The speed at the start of a line segment is SS, the speed at the end ES. Full speed is 1.0, SS and ES are from 0.0 to 1.0. For any given acceleration (where ES > SS) there is some minimum distance required to reach the end speed. This is “delta acceleration distance”, DAD:


DAD = (ES - SS)(FAD)


I’ve thought of 3 scenarios relating the change in speed to the length of the segment, L.
If DAD > L then we don’t have enough room to go from SS to ES, so we need to reduce ES.

The target end speed is the top of the dotted lines. The right dotted line is the distance it will really take to get to 0.75. The new, reduced end speed is the intersection of the left dotted line and the diagonal line. Since our start speed is not zero, we need to shift the whole thing up and down by 0.25:


Reduced ES = (L / DAD)(ES - SS) + SS


If we say FAD is 3 "units", then DAD is 1.5 since we've changed speed by 0.5 (0.75 - 0.25). Judging from the illustration L looks to be around 1.0. So to verify, we substitute these numbers:


0.58 = (1 / 1.5)(0.75 - 0.5) + 0.25


0.58 looks to be about right from the illustration.


In the second scenario, we have at least enough distance to go from SS to full speed and back down to ES. We need to address this scenario if


L >= (1 - SS)(FAD) + (1 - ES)(FAD)

What we want to do is split the segment into 3 parts and set the new points to full speed.


L1 = (1 - SS)(FAD)
L2 = (1 - ES)(FAD)


Now’s the tough one. We have more than enough room to get from SS to ES (but not enough to get to full speed) which means we can hit a speed higher than ES and come back down to ES. We know we have this scenario if


DAD < L and L < (1 - SS)(FAD) + (1- ES)(FAD)

What we need to do here is split the line in 2 and set the “mid speed” MS at the new point. If we were to accelerate from SS continuously until we move a distance of L, we would have reached an end speed we’ll call VES for virtual end speed (0.92):


VES = SS + (L / FAD)


Assuming our acceleration distance is equal to our deceleration distance, MS is half way between ES and VES:


MS = (VES + ES) / 2


The distance from MS to ES is:


L2 = (MS - ES)(FAD)


Now we can split the segment a distance of L2 from the end and set the speed to MS.

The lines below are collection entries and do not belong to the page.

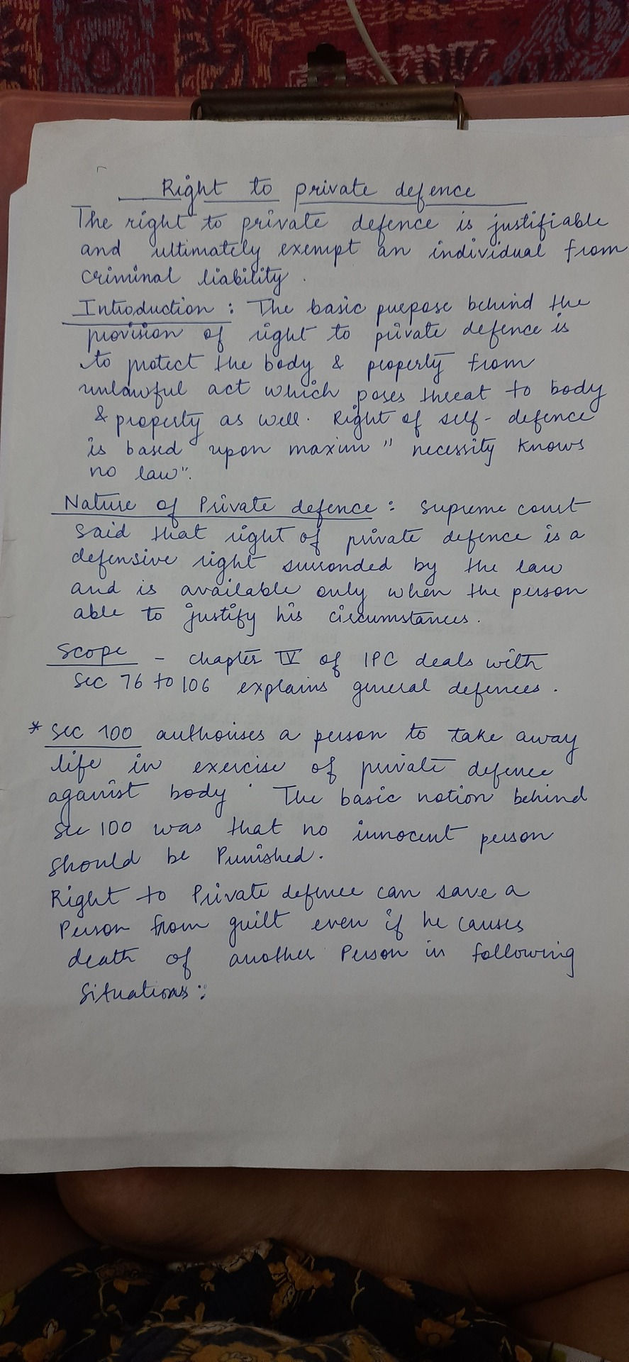 EXAMPLE | X try pull my dupatta down to plunder my chain away, I kick his bike to stop him. X falls down and gets hurt badly. Now I can claim right to private defense and I am not guilty.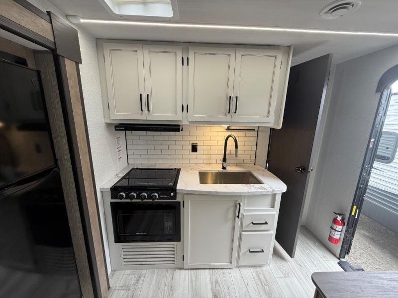 Camping trips in this spacious trailer are sure to bring lasting memories! The little ones or your guests will love the double-size bunks with a flip-up bottom bunk to easily store luggage away. You will have a cozy queen bed in the front bedroom, along with dual closets and nightstands and a laundry chute that will go straight to the pass-through storage. Everyone can meet in the middle living room on the tri-fold sofa, and this will double as additional sleeping space for more campers. And don't overlook the full kitchen with a three burner cooktop, air fryer microwave oven, and 10 cu. ft. refrigerator. There is even an outdoor refrigerator so you can grab a cold drink while relaxing under the 14' awning!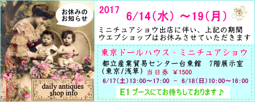 今年も恒例のミニチュアショウに参加致します。 ディーラーマップなど、ミニチュアショウの詳細は以下のページにてご確認下さいませ。 http://dollshouse.co.jp/ja/index/ ショーへは全ての商品は持っていけませんので、見たいアイテムがある方は、6/12までに メールにてご連絡下さい。 (ご購入いただかなくても大丈夫ですのでお気軽にお問い合わせ下さい♪) ウエブショップのお買い物は、6/13(火)15:00までにご入金いただけた分は当日発送、 それ以降は19(月)以降の発送とさせていただきます。 この期間は在庫...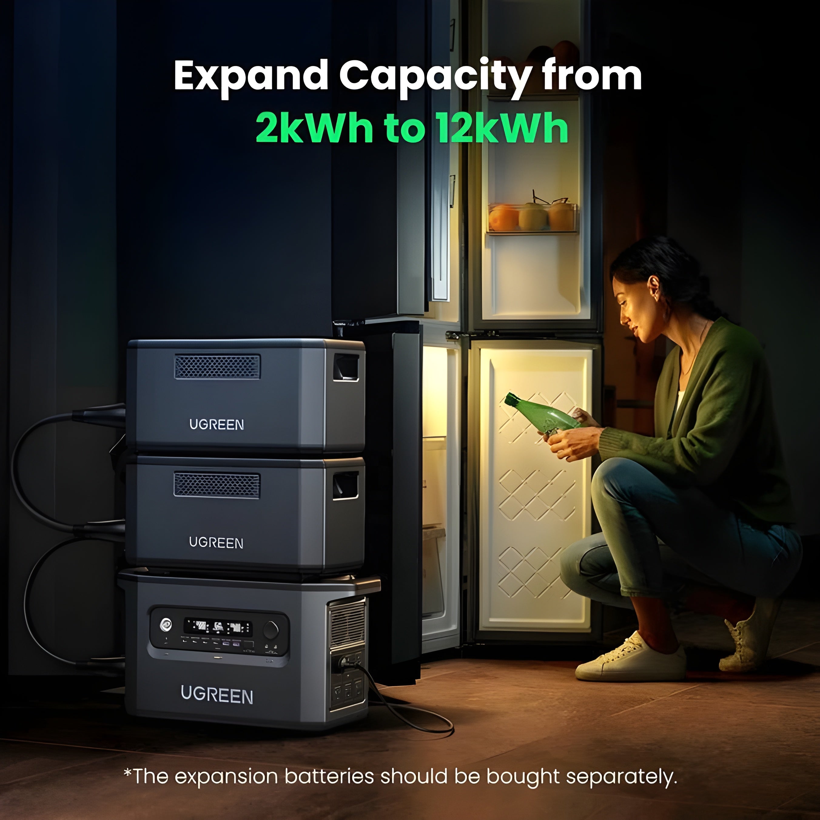 Expandable Capacity: Expand from 2kWh to 12kWh with up to 5 batteries.

To verify, if we say L = 2, then VES = 0.25 + (2 / 3) = 0.92


MS = (0.92 + 0.75) / 2 = 0.835


L2 = (0.835 - 0.75)(3) = 0.25


I took measurements from the illustration and I come up with something closer to 0.45 for L2. The slope of the diagonal line is pretty close to 3 but not right on. This seems like a big discrepancy, but I can't seem to find the problem if there is one. I'm tired of working on this so I'm putting it out there. I'll come back to it later.


And the fourth of my three scenarios is DAD = L in which case we don’t have to do anything.


All of these scenarios are for ES > SS or an increase in speed. I figure I'll walk through the path forward and ignore decreases in speed. Then I'll walk backward with the same algorithm as going forward and it should correct the cases where we need to decelerate faster than our constant.